Before the chicken came the egg and the same goes for lice. In this case, lice eggs (or nits) appear as tiny yellow, tan, or brown dots in the hair. Adult lice lay their eggs on hair shafts, close to the scalp, where the temperature is balmy for hatching within 1- to 2-weeks’ time. If you start to see little dots that look like dandruff in your child’s hair, try to brush them off. If they stick, your child likely has lice nits.

4. Sores and Infection

If the nits hatch, lice will start to crawl through the hair and bite your child’s scalp, which causes small red bumps or sores that start to crop up on the head. As they get more and more bites, they scratch more and these areas can become tender. If they become infected, they will ooze and crust over.

5. Irritability

Obviously, there’s nothing fun about having a case of head lice. Chances are if your child does have lice, the more they will itch and the more irritable their mood will become.

6. A Notice From School

Once it reaches the point where a school or daycare facility finds it necessary to send a note home with parents to alert them about a head lice breakout circulating amongst the kids, your child may already have an infestation. When you receive a notice from school, you should immediately check your child’s scalp for lice or nits to give you the best chances of preventing an infestation in your home.
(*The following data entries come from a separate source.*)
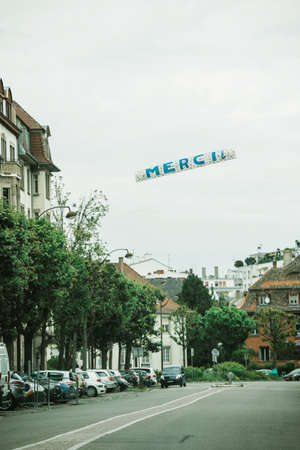 Strasbourg, France - May 9, 2020: MErci thank you large banner across the street during Coronavirus Covid 19 disease pandemic in French city of Strasbourg - message to doctors
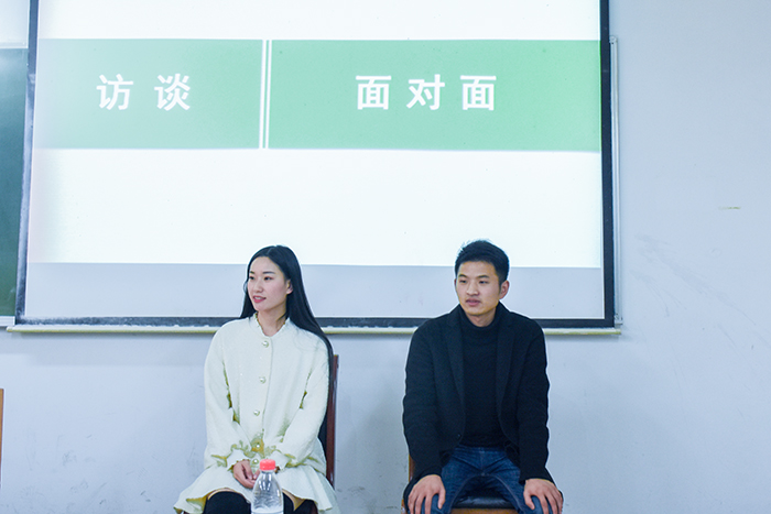 徐宏伟、任蒙蒙结合自身考教资、考编经历向在座同学介绍了备考的工具书、备考方式、考试流程以及面试需注意的问题,具体地分享了经验。徐宏伟指出,复习备考教资是一项重要的任务,做好充分的准备和仔细分析历年考试题型都是必不可少的。徐宏伟还再现了自己面试时模拟上课的课文《纸的发明》,他形象化地展示了整体的课堂流程,以及如何调节课堂氛围、如何达到学习知识的灌输等一系列技巧,让在场同学对模拟上课有了更加深刻的认识。任蒙蒙认为,多读书和兼职都是丰富自己教学经验的有效方式,她还提醒在座的专升本同学利用好宝贵且有限的两年课堂时光。此外,任蒙蒙建议大家大胆地放开自己,不断锻炼自身的课堂教学本领,花时间着重练习模拟上课。
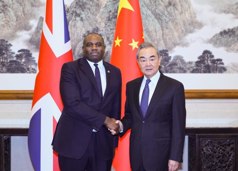 Chinese Foreign Minister Wang Yi held talks with Secretary of State for Foreign, Commonwealth and Development Affairs of the United Kingdom David Lammy in Beijing on Friday.
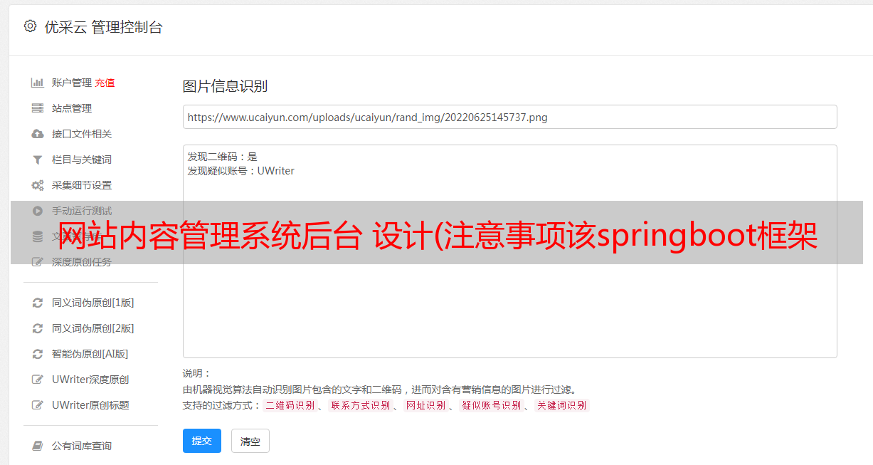 优采云 发布时间: 2021-10-24 21:11网站内容管理系统后台 设计(注意事项该springboot框架的网站后台管理系统-登陆功能界面框架)
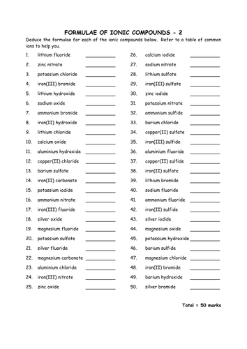 The procedure that can be followed when confronted with the name of a compound and you wish to write its formula is as You ask yourself do the total positive charge and total negative charge add up to zero. This activity is to check that students. You just have to supply the correct chemical formula for each acid.
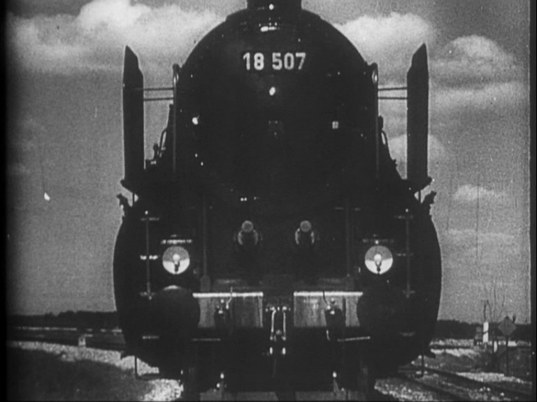 Manches an PACIFIC 231 erinnert frappant an DAS STAHLTIER. Natürlich drängen sich bei solchen Filmen manche Bildideen auf, etwa, die Kamera unter einem der vorderen Puffer der Lok zu befestigen und sie so knapp über den Schienen hinweggleiten zu lassen, oder die Kamera zwischen oder knapp neben den Schienen einzugraben und den Zug darüber hinwegbrausen zu lassen. Dennoch frage ich mich, ob Mitry DAS STAHLTIER gekannt haben könnte, bevor er PACIFIC 231 drehte. Ausgeschlossen ist das nicht. Zielke wies Anfang der 50er Jahre darauf hin, dass eine Kopie von DAS STAHLTIER 1945 von französischem Militär bei Leni Riefenstahl in Kitzbühel beschlagnahmt und nach Paris gebracht worden sei (eine andere Kopie soll laut Zielke nach Russland gebracht worden sein). Das ist durchaus plausibel. Riefenstahl besaß in Kitzbühel ein Haus, das auch als Zweigstelle ihrer Riefenstahl Film GmbH diente. Es gab dort Räume mit Ausrüstung für Filmschnitt, -vertonung und -vorführung. Riefenstahl arbeitete dort 1945 an der Endfertigung von TIEFLAND, fernab vom Bombenhagel in Berlin (sie wurde aber bis Kriegsende nicht fertig, weshalb dieser Film erst 1954 herauskam). Im Sommer 1945 wurde das Anwesen mitsamt dem darin befindlichen Filmmaterial von der französischen Besatzungsmacht beschlagnahmt, Riefenstahl nach Deutschland ausgewiesen und die Filme 1946 nach Paris gebracht. Um 1953 wurde DAS STAHLTIER in der Cinémathèque Française aufgefunden, offenbar das bei Riefenstahl sichergestellte Exemplar. Jean Mitry wiederum war neben Henri Langlois und Georges Franju einer der Gründer der Cinémathèque. Er kannte sich dort also aus und könnte irgendwann zwischen 1946 und 1949 DAS STAHLTIER zu Gesicht bekommen haben. Belege dafür sind mir aber nicht bekannt. Neben PACIFIC 231 sind noch SNOW (1963), RAIL (1966) und LOCOMOTION (1975) erwähnenswert, die Geoffrey Jones für British Transport Films, die damalige Filmabteilung der britischen Eisenbahn, gedreht hat, und die ebenfalls sehr dynamisch und nach musikalischen Prinzipien geschnittene Eisenbahnaufnahmen zeigen. LOCOMOTION ist auch wie DAS STAHLTIER ein Jubiläumsfilm, entstanden zum 150. Jahrestag der Stockton and Darlington Railway, mit der 1825 die Passagierbeförderung per Eisenbahn begann.

While your instinct might be to freak out, Reader’s Digest reassures that lice are harmless and don’t carry disease or indicate poor housekeeping. “They’re simply a parasite transmitted via head-to-head contact,” writes the source. Also, they can’t hop, fly, or jump (although they can be projected through static electricity), so taking your kid out of school or changing their routine isn’t necessary. Instead, go over with them how they can prevent the lice from spreading, for example, not touching other kids heads and discouraging sharing hats and hair supplies.

7. Swollen Lymph Nodes

Severe cases of head lice may result in painfully swollen lymph nodes in the neck. “If broken skin from frequent scratching results in infection, you might notice the lymph nodes behind your child’s ears and on his or her neck become tender and swollen,” writes Reader’s Digest. This can occur when untreated bites cause a staph infection. If this happens, contact your doctor as your child could need a round of antibiotics.

8. Trouble Sleeping

Lice, like many parasitic creatures, are more active in the dark and at night. This is why people who have lice might also have trouble sleeping at night. Someone who has lice will experience a lot of itchiness at night, which stops them from falling asleep. “If you notice your child twisting and turning at night, or acting irritable from a lack of sleep, you might want to check his or her scalp,” writes Reader’s Digest.

9. Another Family Member or Friend has Lice

Once one family member brings lice into your home, the chances of one or more other family members being infected significantly increase. Check everyone in the household for lice immediately, and treat anyone that show signs of lice nits or adult lice infestation with lice shampoo.

10. Complaints of Creepy-Crawlies

There is this misconception that anyone with lice is dirty or has poor hygiene. That’s not the case! Lice can happen to just about anyone, no matter how many times you shower in a day! That being said, the idea of insects crawling around in someone’s hair is enough to make us queasy. However, it’s one of the common symptoms of lice. A child might complain about a “moving sensation” in their hair, which is just a result of the lice crawling around through their hair.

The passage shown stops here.